[Description of the task] Given these entries, repeat exactly the lines starting with the one that has "商品の生地は古着デニムをリメ" and going on through the one that has "Dismantled mail sorting", both included, but none of the pictures.

[Provided data]
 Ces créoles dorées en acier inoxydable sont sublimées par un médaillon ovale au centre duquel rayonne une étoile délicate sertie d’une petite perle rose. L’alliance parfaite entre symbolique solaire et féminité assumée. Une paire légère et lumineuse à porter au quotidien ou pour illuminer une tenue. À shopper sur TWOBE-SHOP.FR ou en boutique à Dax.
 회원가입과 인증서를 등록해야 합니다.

* * *

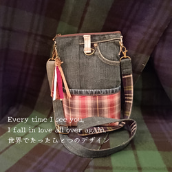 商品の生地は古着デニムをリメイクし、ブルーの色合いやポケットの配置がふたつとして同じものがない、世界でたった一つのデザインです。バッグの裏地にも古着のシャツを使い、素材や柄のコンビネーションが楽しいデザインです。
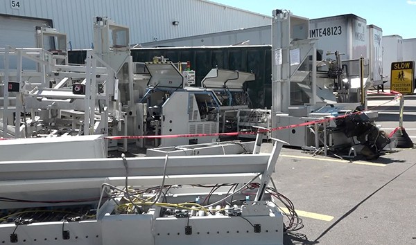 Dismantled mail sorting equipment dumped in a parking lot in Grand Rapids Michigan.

[Finished exercise]
 商品の生地は古着デニムをリメイクし、ブルーの色合いやポケットの配置がふたつとして同じものがない、世界でたった一つのデザインです。バッグの裏地にも古着のシャツを使い、素材や柄のコンビネーションが楽しいデザインです。
 Dismantled mail sorting equipment dumped in a parking lot in Grand Rapids Michigan.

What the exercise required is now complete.